3. The polyester film according to claim 1, wherein the optical loss of the polyester film for display protection is 11% or less according to the following equation 1:

equation 1

Optical loss= (maximum amount of light of polarizer in parallel nicols state-maximum amount of light after inserting film between two polarizers)/(maximum amount of light of polarizer in parallel nicols state).

4. The polyester film according to claim 1, wherein a difference in orientation angle between a center portion and an edge portion of the polyester film for display protection is 20 degrees or less.

5. The polyester film according to claim 1, wherein the orientation angle of the main chain of the polyester film for display protection is 20 degrees or less.

6. The polyester film of claim 1 wherein the first primer layer has a refractive index in the range of 1.58 to 1.62 and the second primer layer has a refractive index in the range of 1.45 to 1.49.

7. The polyester film of claim 1 wherein the ratio of MD stretch ratio to TD stretch ratio is from 1:1.45 to 1:1.75.

8. The polyester film according to claim 1, wherein the total transmittance of the polyester film for display protection is 93% or more.

9. The polyester film of claim 1, wherein the first primer layer comprises a polyester copolymer resin, a polyurethane-based resinAn oxazoline curing agent, a melamine-based curing agent, an anionic surfactant and inorganic particles.

10. The polyester film of claim 1, wherein the second primer layer comprises a polyacrylic resin having carboxyl groups, a melamine-based curing agent, an anionic surfactant, and inorganic particles.

11. The polyester film of claim 1 wherein the second primer layer has an oligomer blocking function.

12. The polyester film according to claim 1, wherein the base film is at least one selected from the group consisting of polyethylene terephthalate, polyethylene naphthalate, polyethylene isophthalate, and polycarbonate.

13. The polyester film of claim 1, wherein the base film has a thickness in the range of 25 μιη to 250 μιη.

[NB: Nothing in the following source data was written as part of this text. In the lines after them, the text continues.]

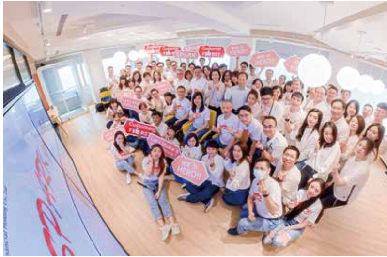
SPARK Heroes 英雄人才培育計畫正式啟動。

新光金控 FinTech 中心 — SPARK Hub 於 2021 年 3 月 2 日在站前摩天大樓 39 樓正式營運，SPARK 為新光 SK 的內涵展開，期待在轉型的過程可以帶來更多創意火花、閃耀我們的客戶及員工，帶來「新」火相傳的價值。SPARK Hub 期許成為新光金控金融科技創意的孵化中心，從金控層級的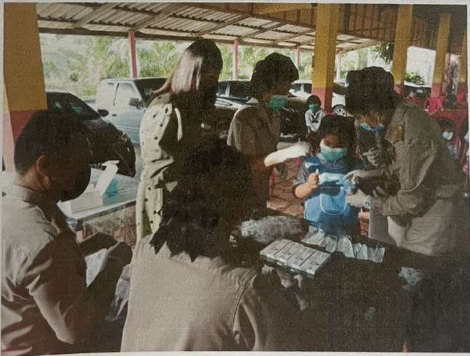
การตรวจคัดกรองหาเชื้อโควิด ๑๙ ด้วย Antigen test kit หรือ ATK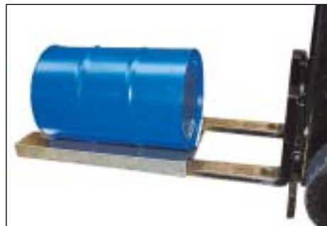
Aufnahme durch Gabelstapler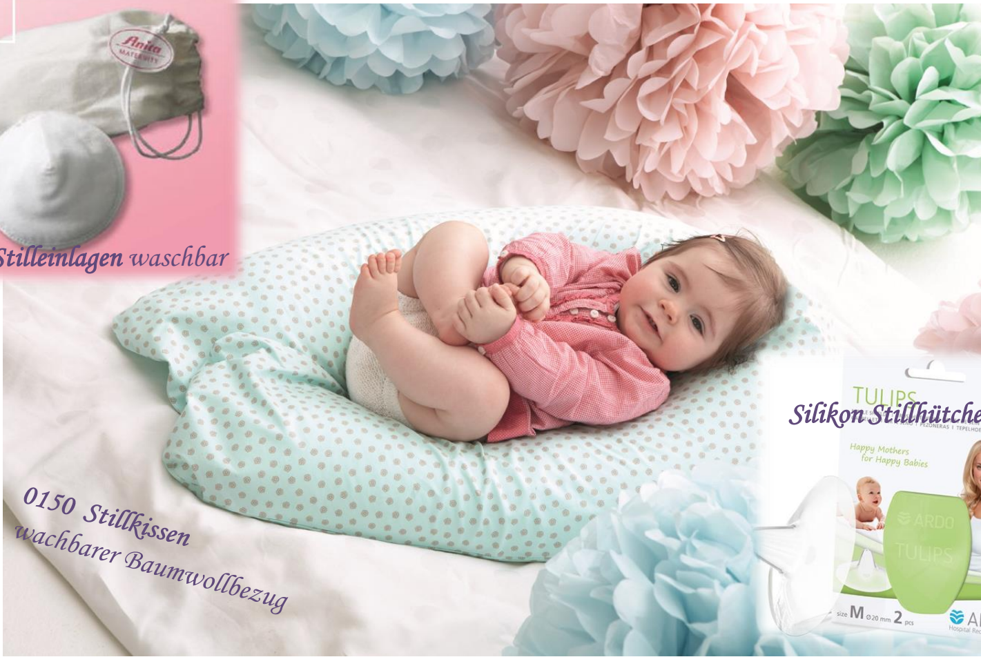
0150 Stillkissen waschbarer Baumwollbezug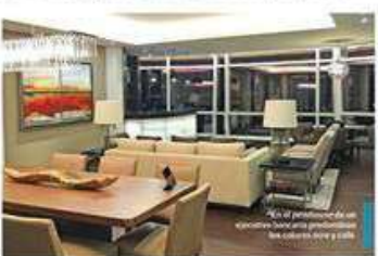
Disfruta con calma desde la máxima privacidad una gran vista al paisaje urbano.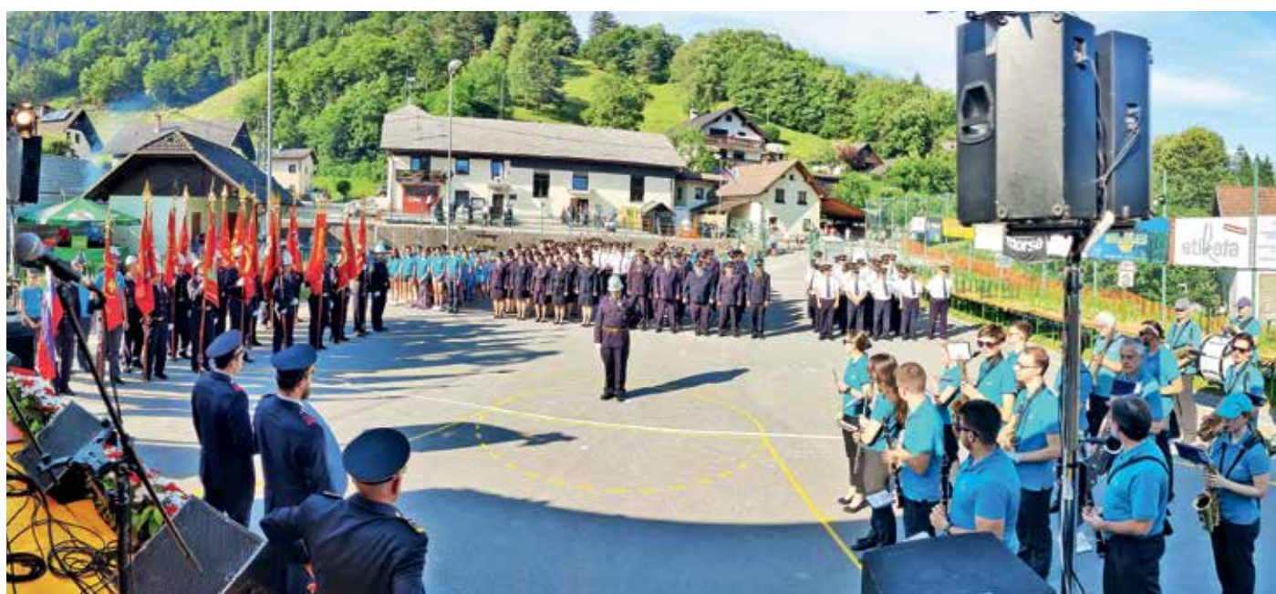
Devetdesetletnico so trebijski gasilci zaznamovali tudi s parado in kulturnim programom.

14. A method of making a polyester film for display protection, the method comprising:

a first step of forming an unstretched sheet by melt-extruding a polyester resin;

a second step of applying a coating liquid for forming a first undercoat layer on one surface of the unstretched sheet and drying it;

a third step of applying a coating liquid for forming a second primer layer on the other side of the unstretched sheet and drying it;

a fourth step of uniaxially stretching the unstretched sheet on which the first primer layer and the second primer layer are formed in the machine direction MD;

a fifth step of biaxially stretching the uniaxially stretched sheet in the width direction TD; and

a sixth step of heat-setting the biaxially stretched sheet to form a polyester film for display protection,

wherein the difference between the orientation angle of the polyester film for display protection and the optical axis is 9 degrees or less.

15. The method of claim 14, wherein the first primer layer and the second primer layer each have a thickness in the range of 10nm to 200 nm.

16. The method of claim 14, wherein the temperature for the heat setting of the sixth step is in the range of 180 ℃ to 220 ℃.